21 May 2010 - Bruno Prior

Sometimes you find an error in a book so early and brazen that you barely feel the need to read further, and if you do, everything after that is diminished by the awareness of the author's bias or irrationality. A classic example is Marx's Das Capital, and his theory of value. It is palpable nonsense, on which much of his edifice rests. Anyone with a critical mind must surely see through it.

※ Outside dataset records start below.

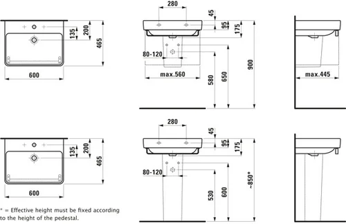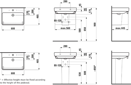 LAUFEN PRO S lavabo, 3 trous pour robinet, avec trop-plein, 600x465mm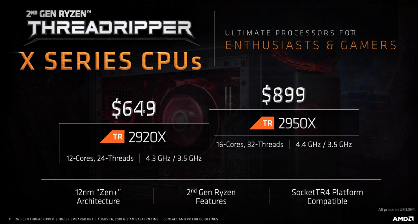 AMD Ryzen Threadripper 2920X & 2950X Spezifikationen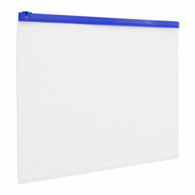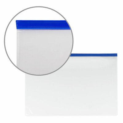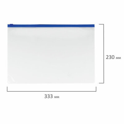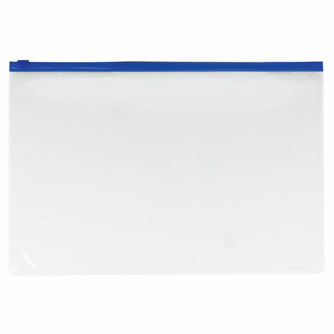 Папка-конверт на молнии А4 (230х333 мм), прозрачная, молния синяя, 0,11 мм, BRAUBERG, 221010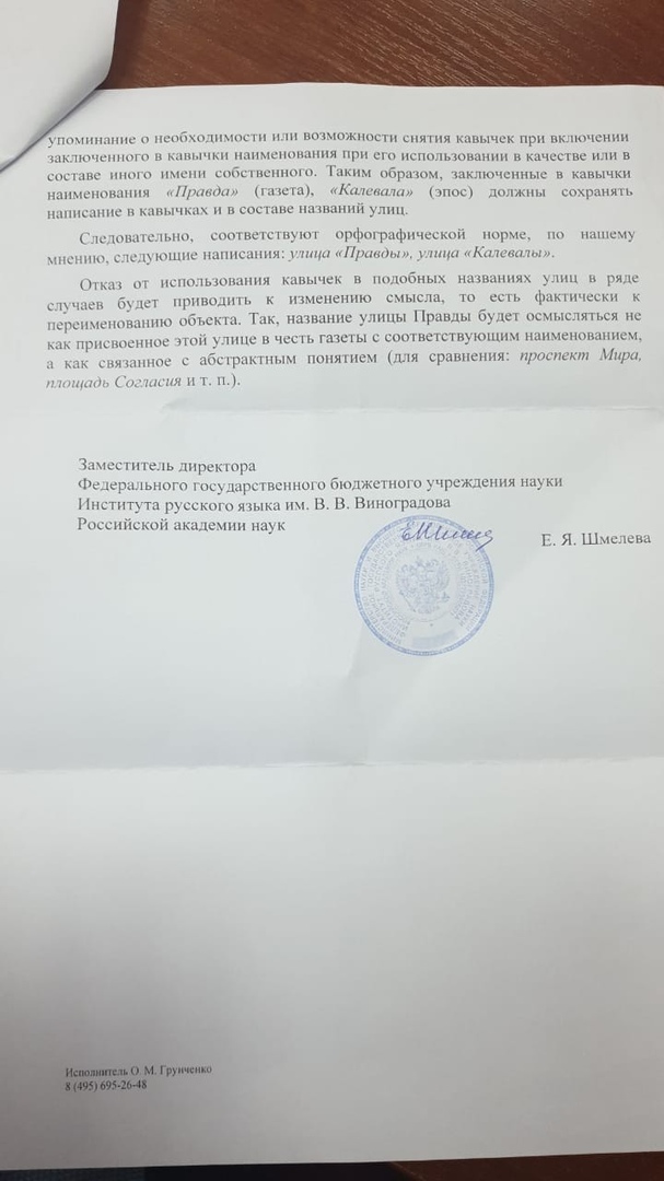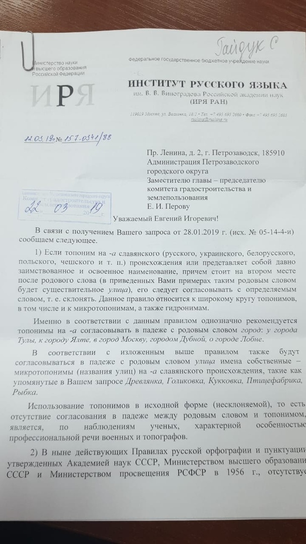 Пришёл ответ от Института русского языка РАН по поводу склонений наименований улиц - Древлянка, Кукковка, Рыбка, Голиковка, Птицефабрика, а также по поводу кавычек в наименованиях улиц "Правды" и "Калевала".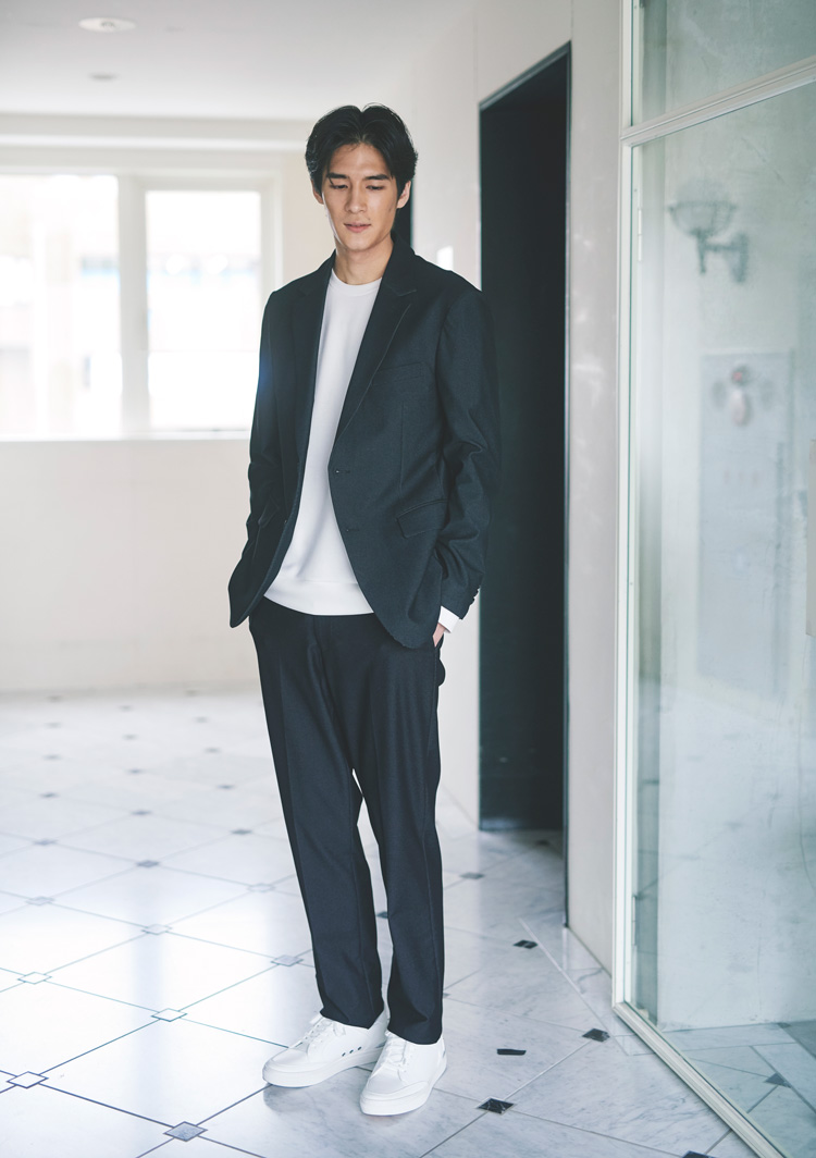 日本の様式美を背景に、時代性を取り入れた服作りを行う〈コムサ・メン〉。デニム見えするジャージー素材のセットアップは、360度ストレッチによる快適な着心地が特徴。シワになりにくいため、普段使いはもちろん、出張や旅行でも活躍する。

There may be some grains of truth later, but one tends to discount them from awareness that his reasoning is prejudiced.

Sadly, I have just had a similar experience with a book I expected to enjoy: Tom Bingham's -The Rule of Law-. Only a few pages in, Bingham (seeking to refute Dicey and other predecessors' distinction between the role of the common law in protecting individual rights in Britain, and the dependence on the constitution for whatever limited rights individuals enjoy in other cultures) says:

-Although the 'rule of law' is, obviously, an English expression, familiar in the UK and in countries such as Ireland, the United States, Canada, Australia and New Zealand, whose law has been influenced by that of Britain, it is also meaningful in countries whose law is influenced by the jurisprudence of Germany, France, Italy, the Netherlands and Spain. In Germany for instance, reference is made to the- Rechtstaat-, in France to the -État de droit-, which literally translated, mean 'the law-governed state'.-

No it doesn't. Both of these refer to "rights", which is a different, though related concept to the law. And they also refer to the state, which is not considered sufficiently central to the concept of "the rule of law" to deserve a mention in the Anglo-Saxon concept. And there is nothing in the conjunction of the two terms (rights and state) that suggests that one is superior to the other (as implied by Bingham's translation). Rather, the language indicates that they are conjoined - rights flow from the state as much as the other way round. These terms reflect exactly the opposite of the point that Bingham wants us to believe, and it is not to his credit that he hopes to hoodwink us with mistranslations of foreign terms.

There is a clear distinction in the relationship between the individual and the state and in the source of man's rights, between the Anglo-Saxon, Lockean, common-law tradition, and the continental, Rousseauian, Napoleonic/codified law tradition. In the former, man's rights are innate. He delegates limited authority to the state to decide only those things that must be decided by the state, and subjects himself voluntarily to the also-limited rule of the common law as the arbiter where his liberties are infringed or where there is a clash between two sets of liberties. In the latter, man's rights are fully subsumed by the community and by the state as the community's embodiment, which then hands back those limited rights that the state sees fit for the individual to possess.

These differences are well-reflected in the different linguistic terminology to which Bingham refers. It is disingenuous of him to try to use them to illustrate the commonality rather than the fundamental differences between our perspectives.